_TASK INPUTS_
□ □ □ □ □ □ □

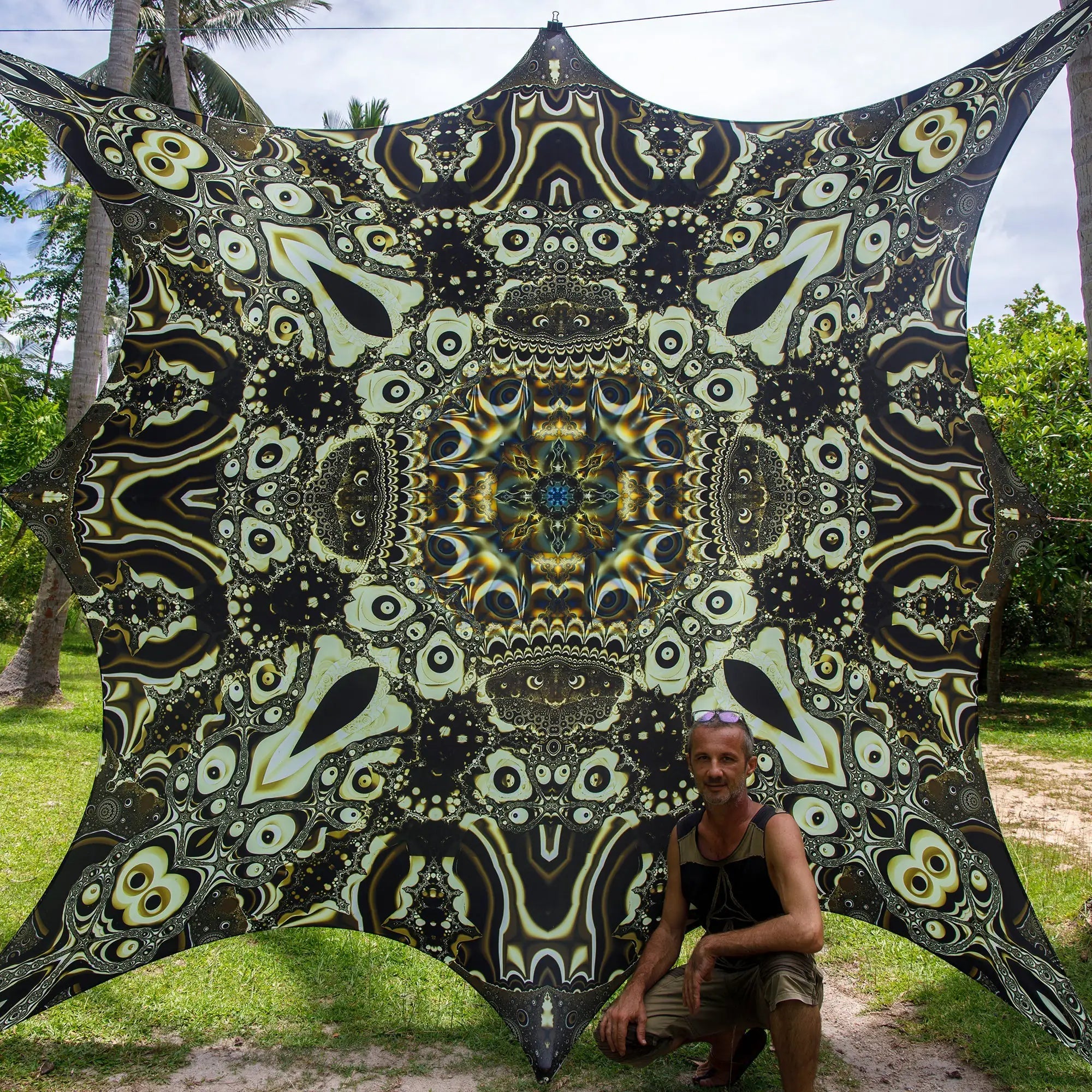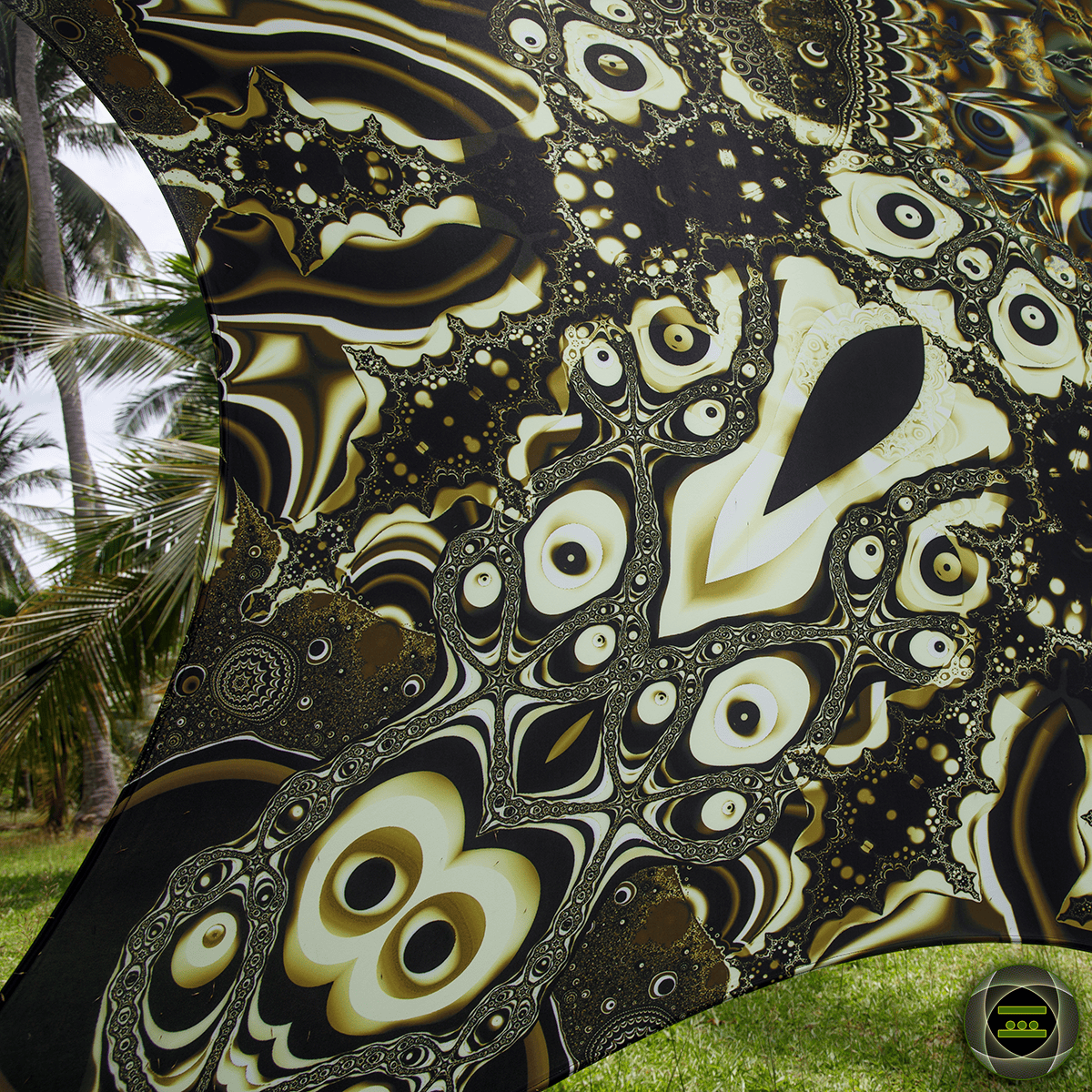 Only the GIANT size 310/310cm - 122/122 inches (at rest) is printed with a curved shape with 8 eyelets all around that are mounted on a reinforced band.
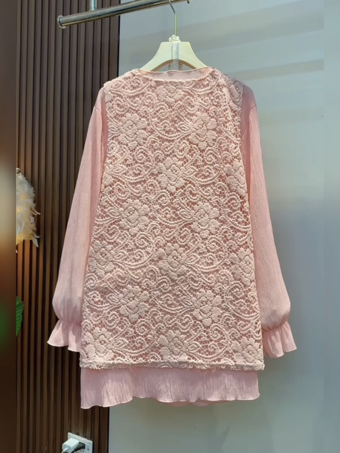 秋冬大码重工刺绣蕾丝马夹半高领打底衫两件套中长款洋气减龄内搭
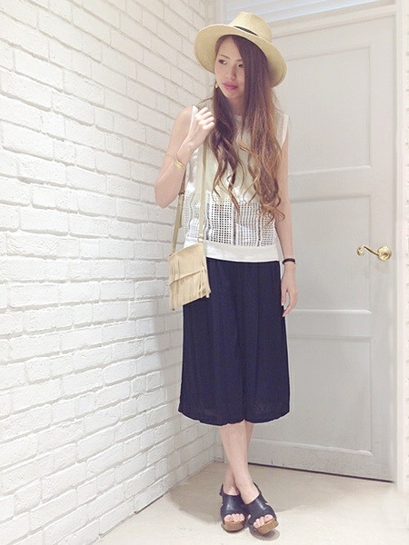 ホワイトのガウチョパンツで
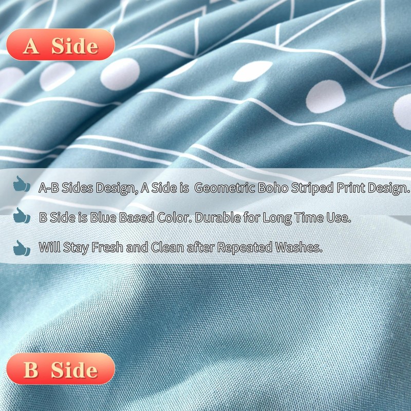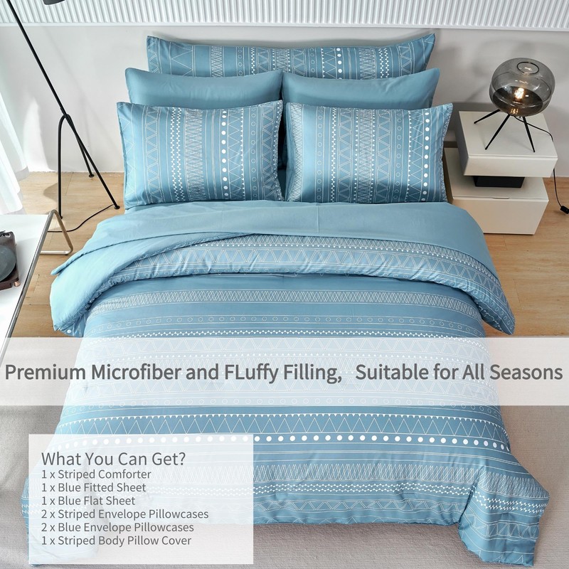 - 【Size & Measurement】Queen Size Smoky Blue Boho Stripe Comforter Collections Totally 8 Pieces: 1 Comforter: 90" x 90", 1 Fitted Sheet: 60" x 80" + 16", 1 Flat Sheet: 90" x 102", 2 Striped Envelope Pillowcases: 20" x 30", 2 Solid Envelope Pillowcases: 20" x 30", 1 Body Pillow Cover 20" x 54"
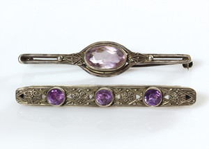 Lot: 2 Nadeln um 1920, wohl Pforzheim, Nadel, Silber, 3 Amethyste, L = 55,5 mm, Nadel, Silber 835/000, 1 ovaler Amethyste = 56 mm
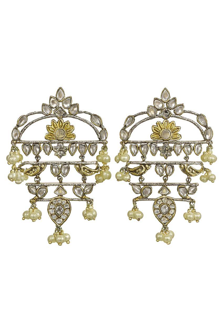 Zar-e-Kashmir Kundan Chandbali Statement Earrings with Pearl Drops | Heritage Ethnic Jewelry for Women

□ □ □ □ □ □ □

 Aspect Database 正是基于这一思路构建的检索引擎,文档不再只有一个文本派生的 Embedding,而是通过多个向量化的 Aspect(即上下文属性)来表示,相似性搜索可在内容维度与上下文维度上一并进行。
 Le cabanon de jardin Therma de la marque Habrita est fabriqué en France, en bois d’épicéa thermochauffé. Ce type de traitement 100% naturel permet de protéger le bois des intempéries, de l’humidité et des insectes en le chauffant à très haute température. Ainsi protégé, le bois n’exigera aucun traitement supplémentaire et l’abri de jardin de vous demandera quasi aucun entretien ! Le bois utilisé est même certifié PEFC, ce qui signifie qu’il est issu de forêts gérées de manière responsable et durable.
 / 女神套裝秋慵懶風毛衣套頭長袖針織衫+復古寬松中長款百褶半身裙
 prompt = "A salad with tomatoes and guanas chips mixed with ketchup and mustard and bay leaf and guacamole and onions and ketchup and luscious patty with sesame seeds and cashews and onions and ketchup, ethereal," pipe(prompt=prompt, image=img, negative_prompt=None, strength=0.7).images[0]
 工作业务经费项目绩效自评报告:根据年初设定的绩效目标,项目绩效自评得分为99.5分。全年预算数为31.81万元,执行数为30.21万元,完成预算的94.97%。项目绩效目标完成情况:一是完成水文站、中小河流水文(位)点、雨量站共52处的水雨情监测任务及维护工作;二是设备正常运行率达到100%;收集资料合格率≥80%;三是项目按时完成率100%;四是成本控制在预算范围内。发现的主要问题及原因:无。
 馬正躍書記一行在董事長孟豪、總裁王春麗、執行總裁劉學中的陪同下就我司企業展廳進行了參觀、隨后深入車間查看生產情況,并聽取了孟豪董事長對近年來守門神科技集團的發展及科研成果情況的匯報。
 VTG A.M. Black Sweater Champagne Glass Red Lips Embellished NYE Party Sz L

□ □ □ □ □ □ □

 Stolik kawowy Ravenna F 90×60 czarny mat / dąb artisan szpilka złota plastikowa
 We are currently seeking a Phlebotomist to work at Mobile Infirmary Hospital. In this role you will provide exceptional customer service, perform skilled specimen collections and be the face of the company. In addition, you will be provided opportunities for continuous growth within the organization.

□ □ □ □ □ □ □

_WORK ITEM_
For the material above, reproduce exactly the lines from the line with "馬正躍書記一行在董事長孟豪、" to the line with "VTG A.M. Black", inclusive, and exclude all others.

_EXERCISE OUTPUT_
 馬正躍書記一行在董事長孟豪、總裁王春麗、執行總裁劉學中的陪同下就我司企業展廳進行了參觀、隨后深入車間查看生產情況,并聽取了孟豪董事長對近年來守門神科技集團的發展及科研成果情況的匯報。
 VTG A.M. Black Sweater Champagne Glass Red Lips Embellished NYE Party Sz L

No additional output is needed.